Distributed Indexing¶
Warning
Lance exposes public APIs that can be integrated into an external distributed index build workflow, but Lance itself does not provide a full distributed scheduler or end-to-end orchestration layer.
This page describes the current model, terminology, and execution flow so that callers can integrate these APIs correctly.
Overview¶
Distributed index build in Lance follows the same high-level pattern as distributed write:
- multiple workers build index data in parallel
- the caller invokes Lance segment build APIs for one distributed build
- Lance plans and builds index artifacts from the worker outputs supplied by the caller
- the built artifacts are committed into the dataset manifest
For vector indices and segment-native scalar indices, the worker outputs are
segments stored directly under indices/<segment_uuid>/. Lance can turn these
outputs into one or more physical segments and then commit them as one logical
index.
Terminology¶
This guide uses the following terms consistently:
- Segment: one worker output written by
execute_uncommitted()underindices/<segment_uuid>/ - Physical segment: one index segment that is ready to be committed into the manifest
- Logical index: the user-visible index identified by name; a logical index may contain one or more physical segments
For example, a distributed vector build may create a layout like:
indices/<segment_uuid_0>/
├── index.idx
└── auxiliary.idx
indices/<segment_uuid_1>/
├── index.idx
└── auxiliary.idx
indices/<segment_uuid_2>/
├── index.idx
└── auxiliary.idx
After segment build, Lance produces one or more segment directories:
indices/<physical_segment_uuid_0>/
├── index.idx
└── auxiliary.idx
indices/<physical_segment_uuid_1>/
├── index.idx
└── auxiliary.idx
These physical segments are then committed together as one logical index. In the common no-merge case, the input segments are already the physical segments and can be committed directly.
Roles¶
There are two parties involved in distributed indexing:
- Workers build segments
- The caller launches workers, chooses how those segments should be turned into final segments, optionally merges caller-defined groups, and commits the final result
Lance does not provide a distributed scheduler. The caller is responsible for launching workers and driving the overall workflow.
Current Model¶
The current model for distributed indexing has two layers of parallelism.
Worker Build¶
First, multiple workers build segments in parallel:
- on each worker, call a shard-build API such as
create_index_builder(...).fragments(...).execute_uncommitted()or Pythoncreate_index_uncommitted(..., fragment_ids=...) - each worker writes one segment under
indices/<segment_uuid>/
Segment Merge¶
Then the caller decides whether those existing segments should be committed as-is or merged into larger segments:
- keep the worker outputs as-is and commit them directly with
commit_existing_index_segments(...), or - group one or more existing segments and call
merge_existing_index_segments(...)for each caller-defined group - commit the final segment list with
commit_existing_index_segments(...)
Within a single commit, built segments must have disjoint fragment coverage.

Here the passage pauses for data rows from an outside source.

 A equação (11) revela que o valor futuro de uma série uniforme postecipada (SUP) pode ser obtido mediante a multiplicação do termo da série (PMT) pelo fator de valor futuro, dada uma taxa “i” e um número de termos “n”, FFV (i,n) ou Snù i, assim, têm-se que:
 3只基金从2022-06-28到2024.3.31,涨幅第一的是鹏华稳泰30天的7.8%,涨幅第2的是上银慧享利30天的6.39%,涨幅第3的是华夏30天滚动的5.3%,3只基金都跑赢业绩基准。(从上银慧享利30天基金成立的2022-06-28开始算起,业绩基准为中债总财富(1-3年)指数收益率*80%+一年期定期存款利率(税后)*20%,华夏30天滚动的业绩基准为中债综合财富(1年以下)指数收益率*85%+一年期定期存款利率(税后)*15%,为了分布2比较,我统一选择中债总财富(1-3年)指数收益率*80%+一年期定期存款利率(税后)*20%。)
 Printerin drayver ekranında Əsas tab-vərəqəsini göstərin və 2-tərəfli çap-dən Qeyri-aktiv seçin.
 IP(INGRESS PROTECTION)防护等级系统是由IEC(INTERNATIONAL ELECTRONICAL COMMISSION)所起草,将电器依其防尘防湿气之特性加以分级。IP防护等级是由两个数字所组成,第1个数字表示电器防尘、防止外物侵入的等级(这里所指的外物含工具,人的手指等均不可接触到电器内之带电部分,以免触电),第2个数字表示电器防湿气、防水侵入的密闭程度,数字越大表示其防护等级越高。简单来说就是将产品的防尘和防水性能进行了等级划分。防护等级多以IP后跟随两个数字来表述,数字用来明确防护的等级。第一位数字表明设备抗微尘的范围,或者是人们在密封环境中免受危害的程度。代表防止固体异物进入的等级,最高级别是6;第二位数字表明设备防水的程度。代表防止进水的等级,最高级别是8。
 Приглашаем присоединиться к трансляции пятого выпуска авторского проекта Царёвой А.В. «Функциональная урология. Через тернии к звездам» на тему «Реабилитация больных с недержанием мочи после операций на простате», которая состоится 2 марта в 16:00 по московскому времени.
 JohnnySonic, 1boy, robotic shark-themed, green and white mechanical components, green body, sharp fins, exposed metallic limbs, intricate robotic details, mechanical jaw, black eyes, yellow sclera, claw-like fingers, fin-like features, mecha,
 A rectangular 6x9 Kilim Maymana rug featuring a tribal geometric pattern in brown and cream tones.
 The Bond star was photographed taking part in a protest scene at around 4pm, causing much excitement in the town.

merge_existing_index_segments(...) currently supports vector, inverted,
bitmap, BTree, and zone map segments. Other scalar index families can still
commit multiple compatible segments directly when their build path supports
fragment-scoped segments, but cannot be merged into a larger physical segment
until they add a merge implementation.
Vector Model Scope¶
Distributed vector builds support two model scopes.
Shared model artifacts: the caller trains or provides IVF centroids once and passes the same artifacts to every worker. For IVF-PQ segments that should be physically mergeable, workers should also use the same PQ codebook. This makes partition ids and quantizer state have the same meaning across segments.

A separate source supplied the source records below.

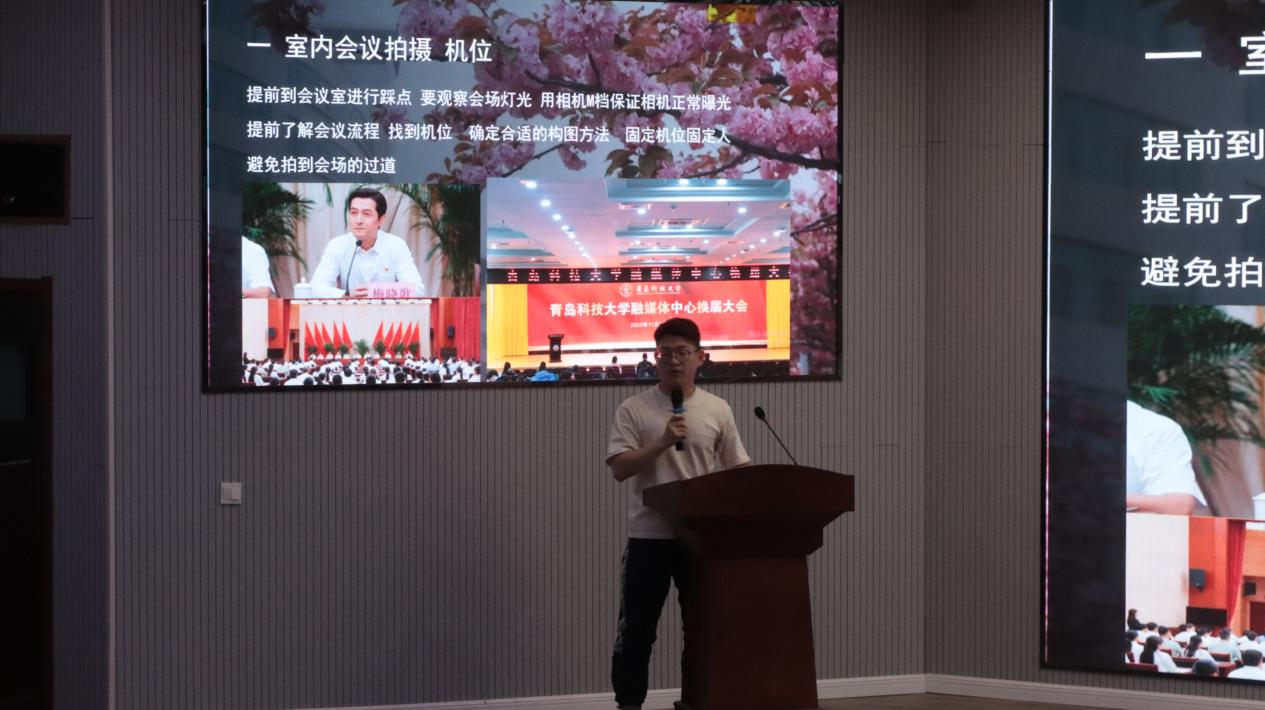 培训会上,学校融媒体中心闫育铭首先介绍了新闻宣传的重要性。随后重点讲解了宣传报道的结构及撰写技巧,从新闻写作、账号定位、标题选取技巧及内容选题等方面阐述了宣传报道的特点和撰写稿件的基本知识。
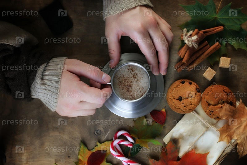 Руки, держащие кружку горячего кофе на столе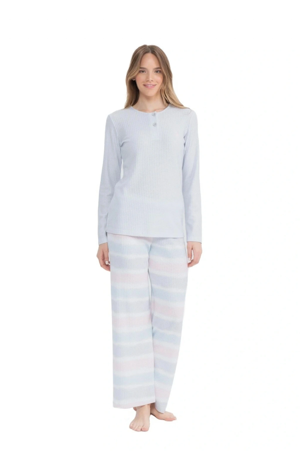 17096 Kadın Gri Uzun Kollu Patlı Pijama Takım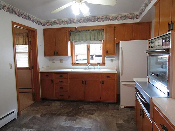 Here's the home you've been waiting for! This clean and well maintained home is move-in ready. The spacious living room has a wall of windows for natural sunlight and opens to the dining room with a built-in hutch and convenient corner desk. The eat-in kitchen has a pantry cabinet and includes a built-in oven and stove top, refrigerator and microwave. You'll love relaxing in the 4-season porch with a door to the deck overlooking the spacious back yard! There are three bedrooms on the main floor. Two of the bedrooms have a double set closets. A closet in one of the bedrooms has a stackable washer/dryer that is included. The full bath has a vanity with plenty of drawers and long countertop. Basement features a large family room, 3/4 bath, another huge storage/workshop/mechanical room and a laundry room that includes another stove, washer, dryer and freezer. Located in a great neighborhood on a quiet street, this home will go quickly! Being sold "AS IS".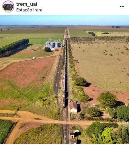 ACIMA: Vista aérea da estação de Irara e o pátio ferroviário em 2021 (Foto trem_uai/Instagram em 10/08/2021).

Independent segment models: each worker trains the IVF/PQ model for its own
fragment_ids. The resulting segments can be committed together as one logical
index without sharing centroids or codebooks.
At query time, Lance searches each physical segment independently:
- Lance opens each segment by index UUID
- each segment ranks IVF partitions using its own centroids
- each segment searches the selected partitions using its own quantizer storage
- Lance merges the candidate rows from all segments by
_distance
Because partition ids are interpreted only within a segment during this fanout query path, independently trained committed segments can return valid results. For L2 and cosine IVF-PQ, each segment computes residuals against its own IVF centroid during both build and query, so distances remain estimates of the original query-to-vector metric.

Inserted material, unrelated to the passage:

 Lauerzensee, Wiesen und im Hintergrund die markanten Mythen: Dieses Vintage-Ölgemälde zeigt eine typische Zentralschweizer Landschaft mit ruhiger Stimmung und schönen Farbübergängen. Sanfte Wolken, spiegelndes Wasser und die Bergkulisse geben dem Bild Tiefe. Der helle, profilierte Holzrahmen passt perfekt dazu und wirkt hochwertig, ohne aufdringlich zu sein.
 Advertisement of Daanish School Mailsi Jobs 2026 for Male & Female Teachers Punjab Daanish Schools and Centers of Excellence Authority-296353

Physical merge is a separate operation. It rewrites several segment artifacts into one artifact with one model metadata scope. Use shared compatible model artifacts for segments you plan to merge physically, or keep independently trained segments as separate physical segments.
Internal Finalize Model¶
Internally, Lance models distributed segment build as:
- build one uncommitted segment per worker
- optionally merge caller-defined groups of existing segments
- commit the resulting segments as one logical index
The merge step is driven directly by the IndexMetadata returned from
execute_uncommitted().
This is intentionally a storage-level model:
- segments are worker outputs that are not yet published
- physical segments are durable artifacts referenced by the manifest
- the logical index identity is attached only at commit time
Segment Grouping¶
The caller chooses the final segment grouping:
- keep segment boundaries, so each worker output is committed directly
- merge multiple existing segments into a larger segment before commit
The grouping decision is separate from worker build. Workers only build segments; Lance applies the segment build policy when it plans physical segments.
Responsibility Boundaries¶
The caller is expected to know:
- which distributed build is ready for segment build
- the segment metadata returned by worker builds
- how the resulting physical segments should be published
Lance is responsible for:
- writing segment artifacts
- planning physical segments from the supplied segment set
- merging segment storage into physical segment artifacts
- committing physical segments into the manifest
If a staging root or built segment directory is never committed, it remains an
unreferenced index directory under _indices/. These artifacts are cleaned up
by cleanup_old_versions(...) using the same age-based rules as other
unreferenced index files.
This split keeps distributed scheduling outside the storage engine while still letting Lance own the on-disk index format.